▶ _Action item_: Given the material below, return only the lines starting at the line with "Blue and white" and ending at the line with "animal_ears cat cat_ears", exactly as they appear.

(Beginning of Material provided)

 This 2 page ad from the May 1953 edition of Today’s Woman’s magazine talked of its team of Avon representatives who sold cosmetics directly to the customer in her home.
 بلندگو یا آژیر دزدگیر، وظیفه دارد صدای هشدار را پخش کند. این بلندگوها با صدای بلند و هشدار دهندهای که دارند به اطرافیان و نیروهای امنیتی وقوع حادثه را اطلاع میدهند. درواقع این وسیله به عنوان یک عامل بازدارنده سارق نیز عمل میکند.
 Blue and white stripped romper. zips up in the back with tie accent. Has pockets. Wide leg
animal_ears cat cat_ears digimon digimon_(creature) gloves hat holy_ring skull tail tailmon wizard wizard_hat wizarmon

(End of Material provided)
(Beginning of Material provided)

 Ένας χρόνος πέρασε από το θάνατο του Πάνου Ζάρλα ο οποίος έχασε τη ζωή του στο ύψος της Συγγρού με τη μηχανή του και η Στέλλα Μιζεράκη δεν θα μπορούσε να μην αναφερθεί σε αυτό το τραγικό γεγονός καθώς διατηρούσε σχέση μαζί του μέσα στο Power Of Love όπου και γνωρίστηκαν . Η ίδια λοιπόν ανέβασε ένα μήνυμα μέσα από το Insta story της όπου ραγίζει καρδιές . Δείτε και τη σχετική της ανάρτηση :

(End of Material provided)

▶ _Output below_:
 Blue and white stripped romper. zips up in the back with tie accent. Has pockets. Wide leg
animal_ears cat cat_ears digimon digimon_(creature) gloves hat holy_ring skull tail tailmon wizard wizard_hat wizarmon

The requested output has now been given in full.